_Available data_
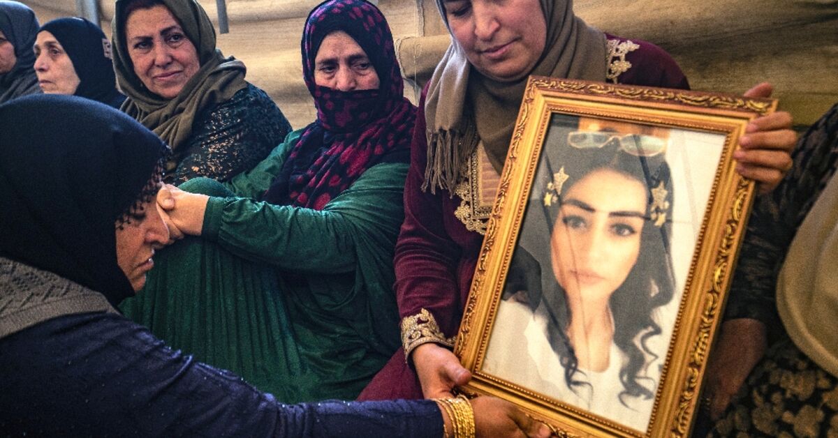 داخل خيمة العزاء في مدينة القامشلي (شمال شرق)، تحمل هيام صورة ابنتها العروس وتقول "كانت ابنتي سعيدة بخطبتها (...) كنت أتمنى رؤيتها مرتدية فستان عرسها".
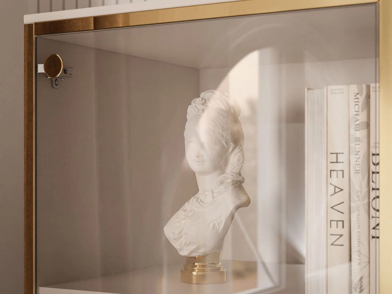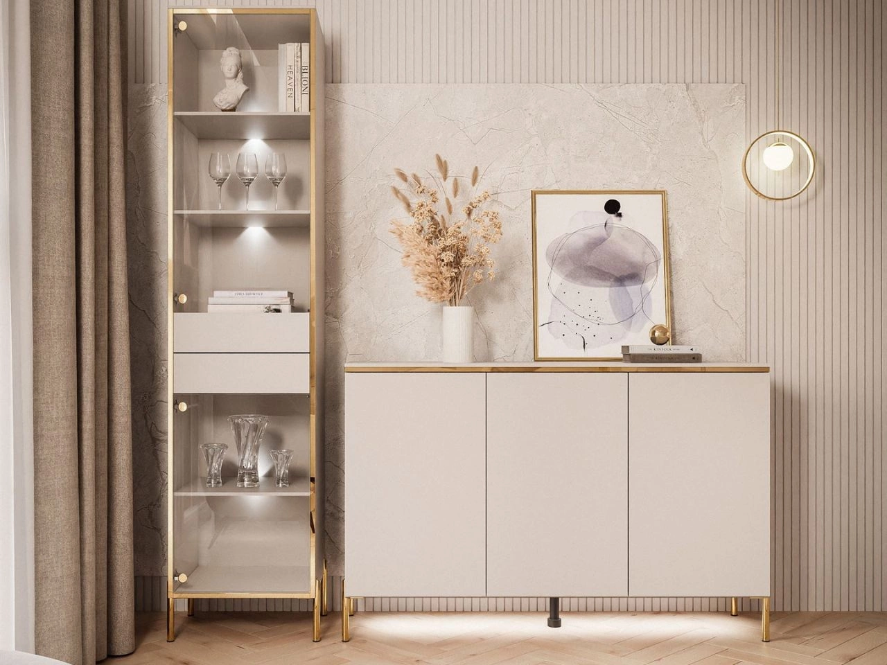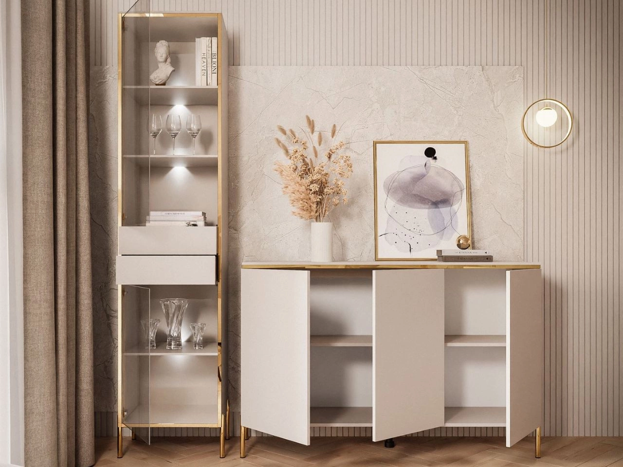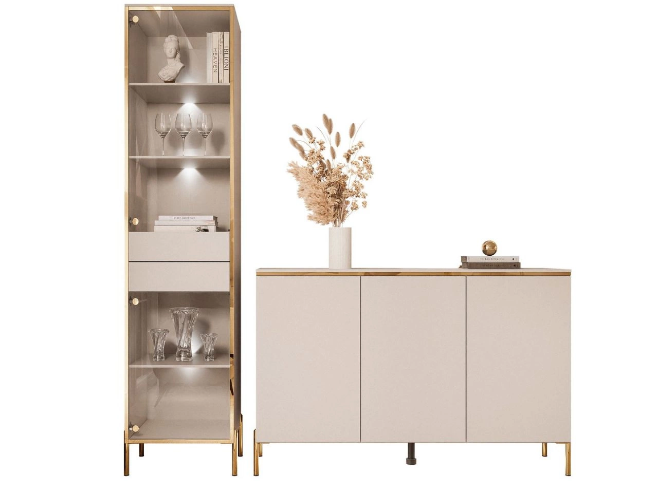 Das Set umfasst zwei Elemente: eine Kommode und eine verglaste Vitrine, die mit höchster Liebe zum Detail gestaltet wurden. Die Vitrine Evare begeistert durch eine schlichte, elegante Form, betont durch eine dekorative goldene Leiste, die den gesamten Frontbereich umläuft. Goldene Scharniere verweisen zusätzlich auf die Glamour-Ästhetik. Das Möbel verfügt über zwei Paare Türen aus gehärtetem Glas, die wahlweise links- oder rechtsanschlagend montiert werden können. Das Öffnen erfolgt über das moderne Push-to-Open-System – ein leichter Druck genügt, um Zugang zum Inneren zu erhalten. Auf die gleiche Weise werden auch die zwei zentral angeordneten Schubladen geöffnet.
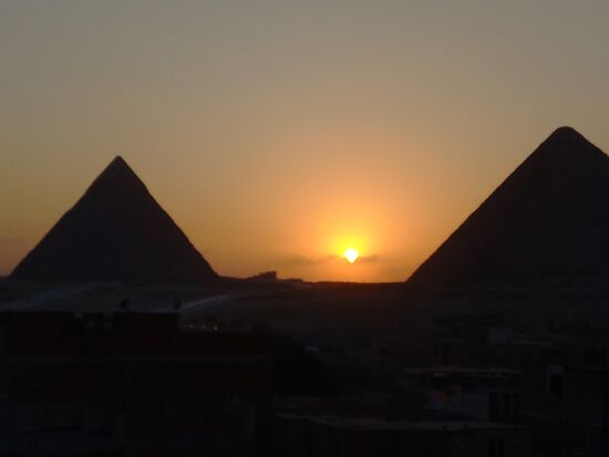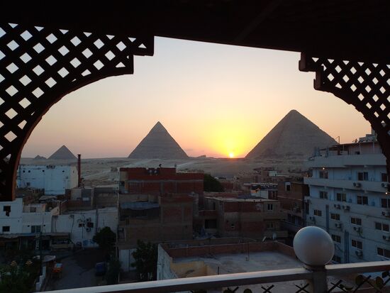 Wir kamen am Flughafen von Cairo an, hatten uns aber entschieden, für unseren ersten Aufenthalt nicht in Cairo Downtown zu wohnen, sondern in Giza in einem Guesthouse mit Blick auf Gizas Pyramiden. Es war ein unglaubliches Erlebnis, als ich in der ersten Nacht nicht schlafen konnte und ich, immer wenn ich die Augen öffnete, die Umrisse der großen Cheops-Pyramide sehen konnte.
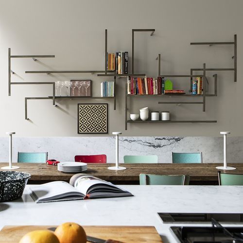 Antologia es una librería de hierro de 4 módulos (también angulares) para crear muchas composiciones, nunca iguales. Además es posible también insertar estantes para colocar algunos objetos. La estructura es en tubular cuadrado de 2,5×2,5 cm, acabados en blanco mate o pintado plomo brillante. Se han añadido 2 módulos adicionales para resolver la necesidad de colgar con un espejo o con un estante en un espacio reducido.
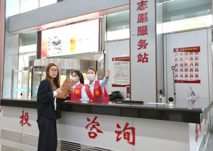 河南省焦作市政务服务中心咨询台工作人员热情接待办事群众。王梦梦 摄
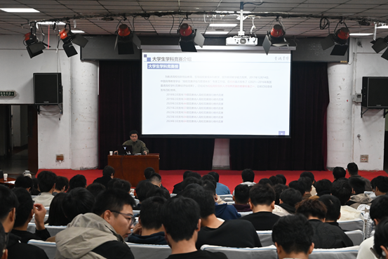 史鹏涛教授结合多年指导学科竞赛的丰富经验,从学科竞赛的重要性、竞赛种类、参赛注意事项及参与方法等方面,进行了深入浅出的讲解。他指出学科竞赛不仅能够提升员工的综合素质和专业知识,还为优秀员工的考研及职业发展提供了广阔的空间,通过参赛,员工能够强化逻辑思维,提升团队协作能力,并在实践中解决实际问题,从而显著增强就业竞争力,同时鼓励同学们积极参与竞赛,抓住实践机会,为未来的发展积累宝贵经验。
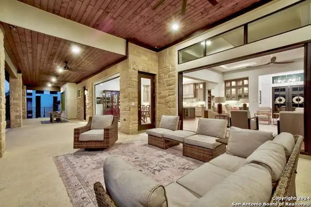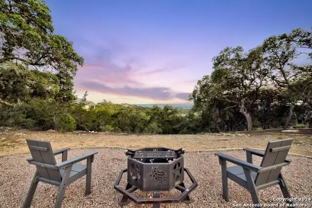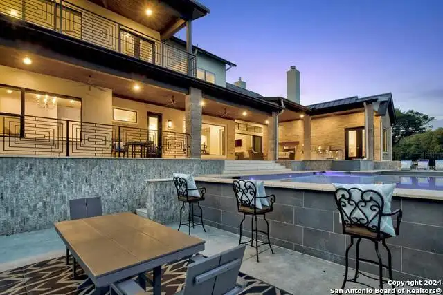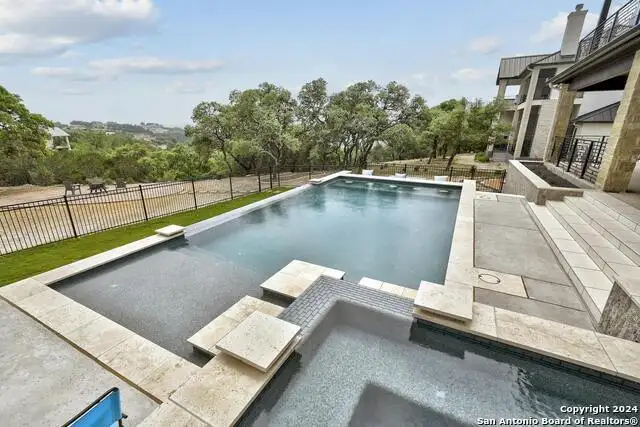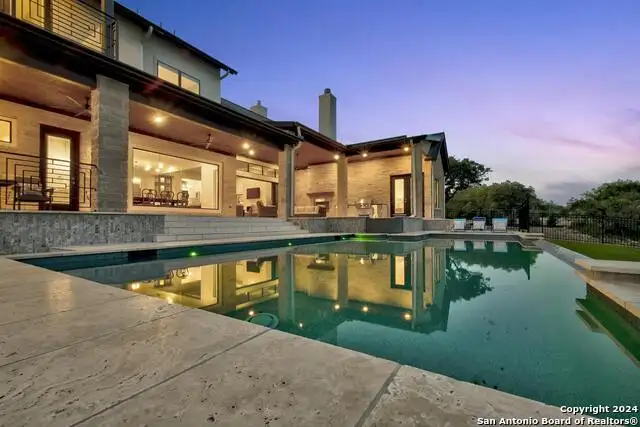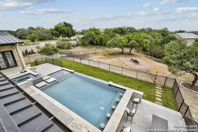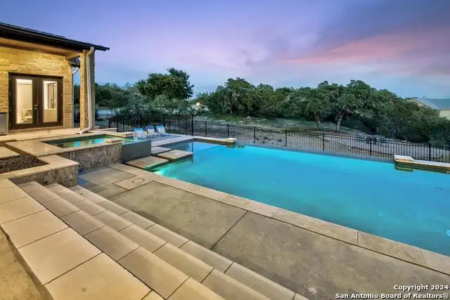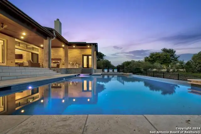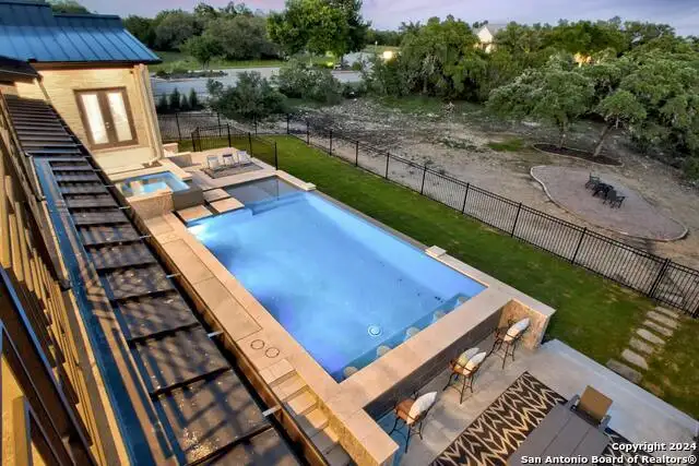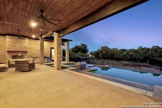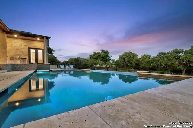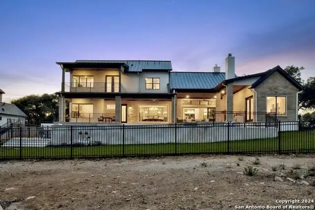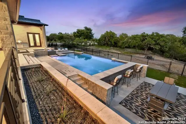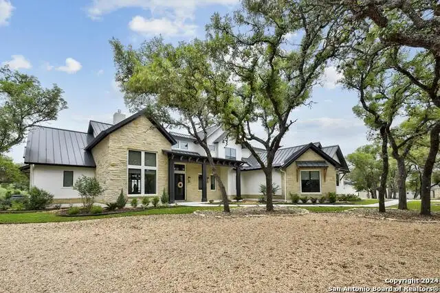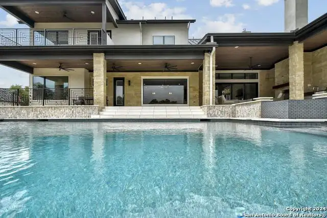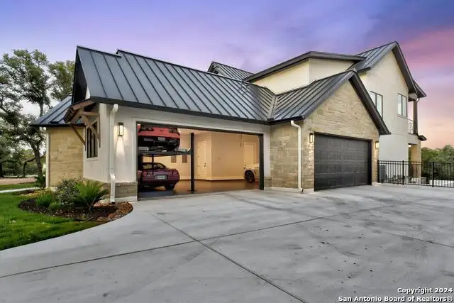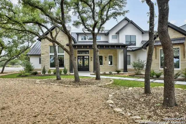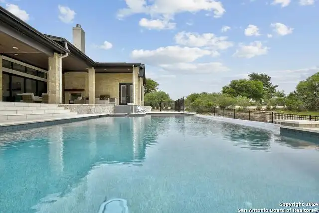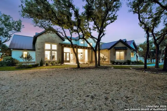 Nestled within the serene embrace of Mystic Shores in Spring Branch, Texas, awaits a modern Texas Hill Country masterpiece, a sanctuary of luxury and elegance. Welcome to a residence where every detail speaks of refined taste and meticulous craftsmanship, offering a lifestyle of unparalleled comfort and sophistication. Featuring 4415 square feet, 4 bedrooms, 3 full bath, 2 half bath, and an air conditioned 4 car garage with epoxy flooring that comes with a car lift (this is for the most discerning car aficionado). As you approach this stunning home, its grandeur is evident from the outset. An impressive facade beckons you to step through 8-foot double iron & glass doors, into a realm of timeless beauty and contemporary allure. This residence epitomizes spaciousness and grace. Upon entering, you're greeted by an expansive open-concept design, where natural light dances through windows that span the rear of the home. The ambiance is warm and inviting, anchored by wide plank solid hardwood floors that exude understated luxury. Directly to the left, a spacious study awaits, featuring double iron glass doors, soaring cathedral beamed ceiling, and wall-to-wall solid wood black built-ins adding a touch of sophistication, creating the perfect environment for productivity and inspiration. The heart of the home lies in the chef's kitchen, where culinary dreams come to life. Custom wood cabinetry reaches to the ceiling, complemented by rare luxury Ijen Blue Quartzite counters and an Italian- imported Bertazonni appliance package. A dual fuel range with a steam oven and warming drawer, along with two dishwashers and an oversized Thermador refrigerator, ensure that every meal is prepared with precision and style. For added convenience, a secondary caterer's kitchen provides extra storage, workspace, and contemporary floating shelves. Adjacent to the kitchen, a dual refrigerator wine bar awaits, inviting you to indulge in the finer things in life. The spacious dining area offers breathtaking views of the backyard oasis, seamlessly blending indoor and outdoor living. The primary retreat is a haven of tranquility, featuring a lovely sitting area and an exquisitely finished spa bath with double vanities, a huge walk-in shower, and a luxurious soaker tub. Perhaps the crowning jewel is the nearly 200 square foot primary closet, boasting wall-to-wall built-ins and island storage for the ultimate in organization and style. A guest suite completes the downstairs layout, offering privacy and comfort for visiting guests. Upstairs, a world of entertainment awaits, with a game room featuring a full wet bar and custom cabinetry. Backlit Blue Agate counters add a touch of glamour, while the adjacent media room provides a truly immersive movie experience with a Atmos theater package. Two additional guest rooms, each with private vanities and a shared bath area, offer ample space for loved ones to relax and unwind. Outside, a breathtaking panorama awaits, with views of the majestic Hill Country, the sparkling waters of the Guadalupe River, and a beautifully designed fenced in pool/heated spa, and expansive outdoor living space. This home is a masterpiece, designed for the homeowner looking for exquisite finishes. Experience the epitome of luxury living in the heart of Texas Hill Country.

_Your instructions_
Using the data above, retype exactly the lines from the line with "Wir kamen am" to the line with "史鹏涛教授结合多年指导学科竞", inclusive. No pictures and nothing else.

_Response area_
 Wir kamen am Flughafen von Cairo an, hatten uns aber entschieden, für unseren ersten Aufenthalt nicht in Cairo Downtown zu wohnen, sondern in Giza in einem Guesthouse mit Blick auf Gizas Pyramiden. Es war ein unglaubliches Erlebnis, als ich in der ersten Nacht nicht schlafen konnte und ich, immer wenn ich die Augen öffnete, die Umrisse der großen Cheops-Pyramide sehen konnte.
 Antologia es una librería de hierro de 4 módulos (también angulares) para crear muchas composiciones, nunca iguales. Además es posible también insertar estantes para colocar algunos objetos. La estructura es en tubular cuadrado de 2,5×2,5 cm, acabados en blanco mate o pintado plomo brillante. Se han añadido 2 módulos adicionales para resolver la necesidad de colgar con un espejo o con un estante en un espacio reducido.
 河南省焦作市政务服务中心咨询台工作人员热情接待办事群众。王梦梦 摄
 史鹏涛教授结合多年指导学科竞赛的丰富经验,从学科竞赛的重要性、竞赛种类、参赛注意事项及参与方法等方面,进行了深入浅出的讲解。他指出学科竞赛不仅能够提升员工的综合素质和专业知识,还为优秀员工的考研及职业发展提供了广阔的空间,通过参赛,员工能够强化逻辑思维,提升团队协作能力,并在实践中解决实际问题,从而显著增强就业竞争力,同时鼓励同学们积极参与竞赛,抓住实践机会,为未来的发展积累宝贵经验。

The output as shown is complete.